§ RECORDED DATA:
--------------------------------------------------

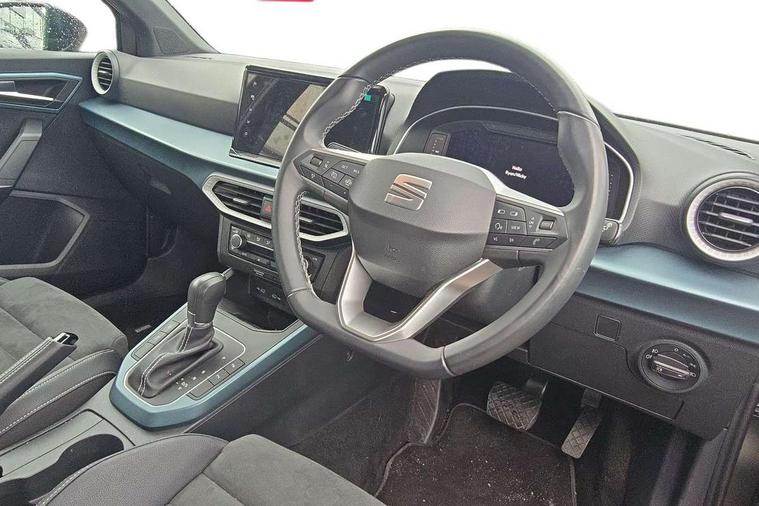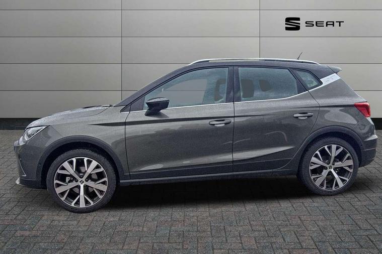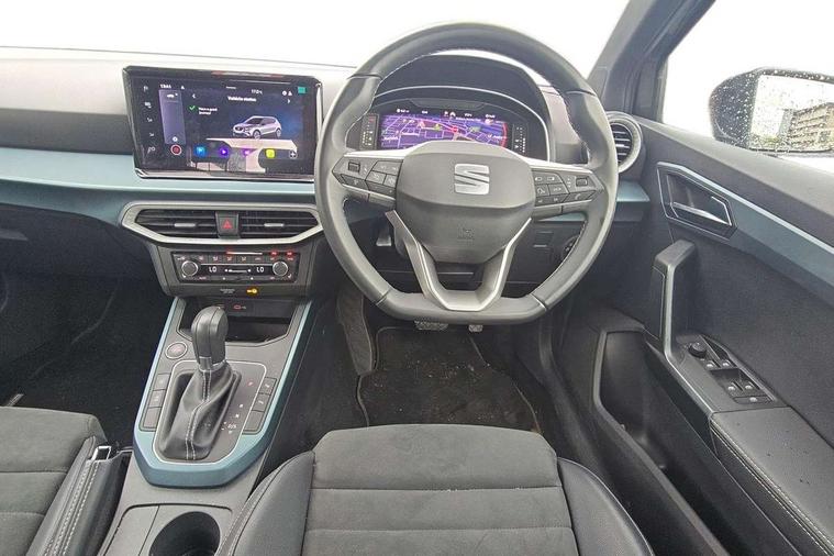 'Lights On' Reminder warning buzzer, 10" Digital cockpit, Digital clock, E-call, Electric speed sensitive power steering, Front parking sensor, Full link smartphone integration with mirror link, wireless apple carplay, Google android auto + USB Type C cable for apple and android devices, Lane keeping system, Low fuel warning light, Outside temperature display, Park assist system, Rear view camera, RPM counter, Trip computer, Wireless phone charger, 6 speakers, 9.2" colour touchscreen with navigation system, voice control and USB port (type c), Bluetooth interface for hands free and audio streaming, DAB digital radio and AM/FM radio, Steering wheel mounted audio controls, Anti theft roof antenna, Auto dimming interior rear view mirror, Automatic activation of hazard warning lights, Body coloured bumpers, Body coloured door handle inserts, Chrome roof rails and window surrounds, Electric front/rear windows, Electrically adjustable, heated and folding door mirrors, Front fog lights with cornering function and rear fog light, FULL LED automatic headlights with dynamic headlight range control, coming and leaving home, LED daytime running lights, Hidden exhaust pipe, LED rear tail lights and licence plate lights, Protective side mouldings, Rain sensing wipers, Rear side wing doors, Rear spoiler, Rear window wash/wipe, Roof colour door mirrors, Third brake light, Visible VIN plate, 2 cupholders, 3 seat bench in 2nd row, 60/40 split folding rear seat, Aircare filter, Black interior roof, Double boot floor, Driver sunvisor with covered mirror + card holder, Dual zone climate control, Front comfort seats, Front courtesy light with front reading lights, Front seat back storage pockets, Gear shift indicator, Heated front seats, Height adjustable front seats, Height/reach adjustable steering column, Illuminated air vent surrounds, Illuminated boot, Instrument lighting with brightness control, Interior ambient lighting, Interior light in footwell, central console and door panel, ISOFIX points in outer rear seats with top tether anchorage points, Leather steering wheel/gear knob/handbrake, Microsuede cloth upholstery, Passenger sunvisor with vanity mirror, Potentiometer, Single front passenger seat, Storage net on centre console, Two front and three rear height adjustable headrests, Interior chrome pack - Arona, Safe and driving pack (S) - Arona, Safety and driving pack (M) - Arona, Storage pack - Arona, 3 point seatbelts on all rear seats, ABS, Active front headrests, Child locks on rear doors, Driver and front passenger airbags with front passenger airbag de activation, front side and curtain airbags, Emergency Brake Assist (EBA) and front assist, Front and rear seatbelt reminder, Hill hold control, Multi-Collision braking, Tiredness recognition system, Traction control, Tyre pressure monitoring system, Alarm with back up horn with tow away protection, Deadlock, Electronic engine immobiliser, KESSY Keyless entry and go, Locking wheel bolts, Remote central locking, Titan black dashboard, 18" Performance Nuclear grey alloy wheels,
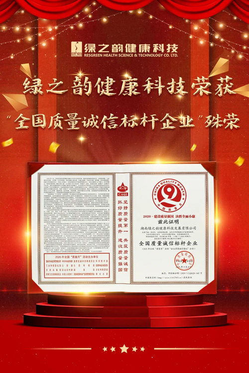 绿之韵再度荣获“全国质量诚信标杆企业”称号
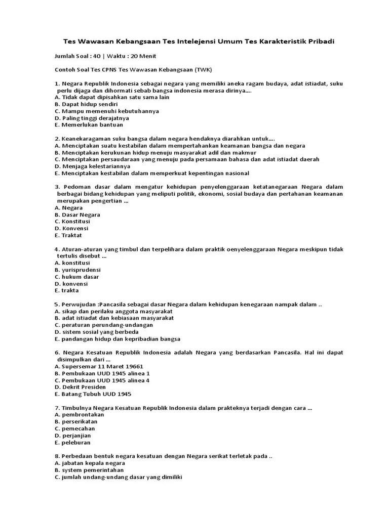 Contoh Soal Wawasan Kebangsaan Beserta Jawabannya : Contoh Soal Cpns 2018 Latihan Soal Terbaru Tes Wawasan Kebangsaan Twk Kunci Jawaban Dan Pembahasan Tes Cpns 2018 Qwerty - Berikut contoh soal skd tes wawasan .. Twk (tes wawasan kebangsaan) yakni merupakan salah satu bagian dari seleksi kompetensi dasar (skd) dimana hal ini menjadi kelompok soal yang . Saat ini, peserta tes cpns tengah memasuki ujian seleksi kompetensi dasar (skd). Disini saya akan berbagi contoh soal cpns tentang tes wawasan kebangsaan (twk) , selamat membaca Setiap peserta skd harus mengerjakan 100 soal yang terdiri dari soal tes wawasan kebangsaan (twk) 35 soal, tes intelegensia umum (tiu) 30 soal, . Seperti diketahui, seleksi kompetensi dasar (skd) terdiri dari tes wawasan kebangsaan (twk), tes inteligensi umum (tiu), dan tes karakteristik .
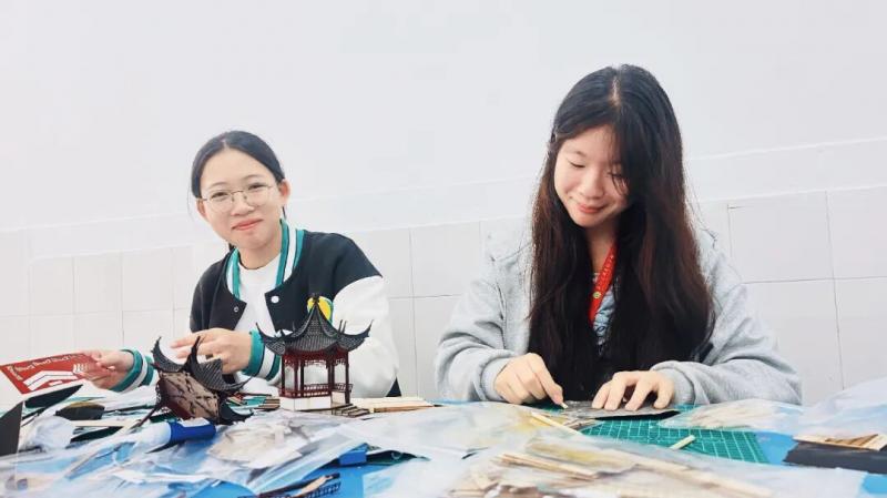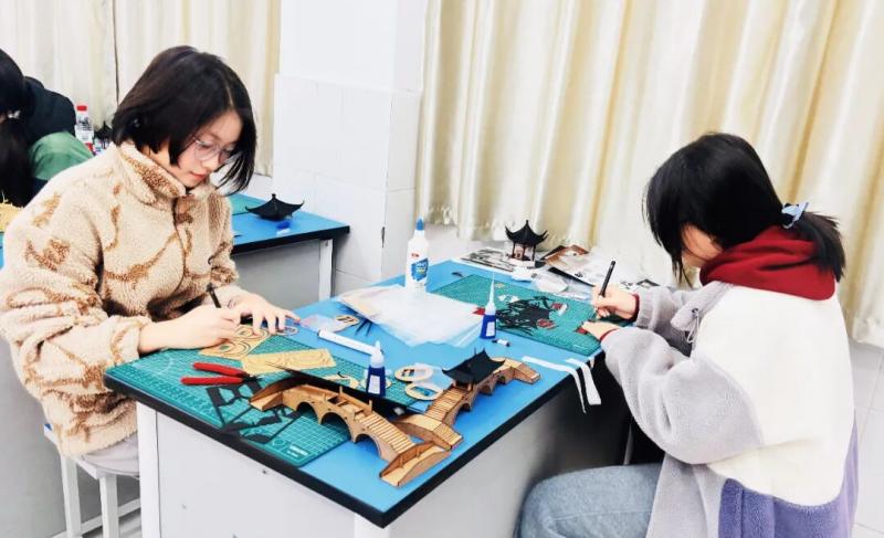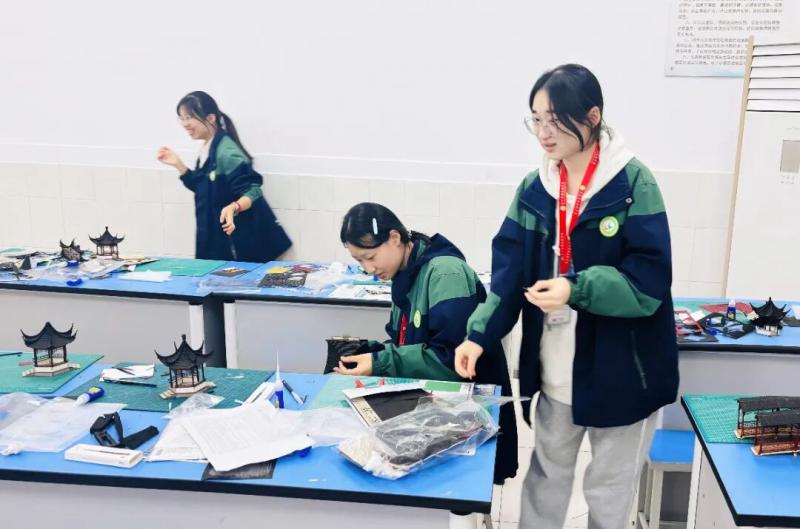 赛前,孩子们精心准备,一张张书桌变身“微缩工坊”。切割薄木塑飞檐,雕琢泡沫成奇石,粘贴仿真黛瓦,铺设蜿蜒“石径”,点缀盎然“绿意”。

--------------------------------------------------

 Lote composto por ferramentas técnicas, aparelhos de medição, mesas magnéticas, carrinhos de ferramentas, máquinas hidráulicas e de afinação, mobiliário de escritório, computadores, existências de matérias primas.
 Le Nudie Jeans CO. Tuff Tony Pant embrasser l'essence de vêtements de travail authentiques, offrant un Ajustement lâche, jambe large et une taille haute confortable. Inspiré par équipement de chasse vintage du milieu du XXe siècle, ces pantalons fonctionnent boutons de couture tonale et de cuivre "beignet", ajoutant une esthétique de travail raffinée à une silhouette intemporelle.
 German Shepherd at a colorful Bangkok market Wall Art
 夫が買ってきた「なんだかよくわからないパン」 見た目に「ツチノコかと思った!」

--------------------------------------------------

§ AIM OF THE TASK:
Give back, exactly as written, the stretch from the line with "Lote composto por" through the line with "夫が買ってきた「なんだかよくわからないパン」 見た目に「ツチノコかと思った!」", and no other lines from the records above.

§ ANSWER SPACE:
 Lote composto por ferramentas técnicas, aparelhos de medição, mesas magnéticas, carrinhos de ferramentas, máquinas hidráulicas e de afinação, mobiliário de escritório, computadores, existências de matérias primas.
 Le Nudie Jeans CO. Tuff Tony Pant embrasser l'essence de vêtements de travail authentiques, offrant un Ajustement lâche, jambe large et une taille haute confortable. Inspiré par équipement de chasse vintage du milieu du XXe siècle, ces pantalons fonctionnent boutons de couture tonale et de cuivre "beignet", ajoutant une esthétique de travail raffinée à une silhouette intemporelle.
 German Shepherd at a colorful Bangkok market Wall Art
 夫が買ってきた「なんだかよくわからないパン」 見た目に「ツチノコかと思った!」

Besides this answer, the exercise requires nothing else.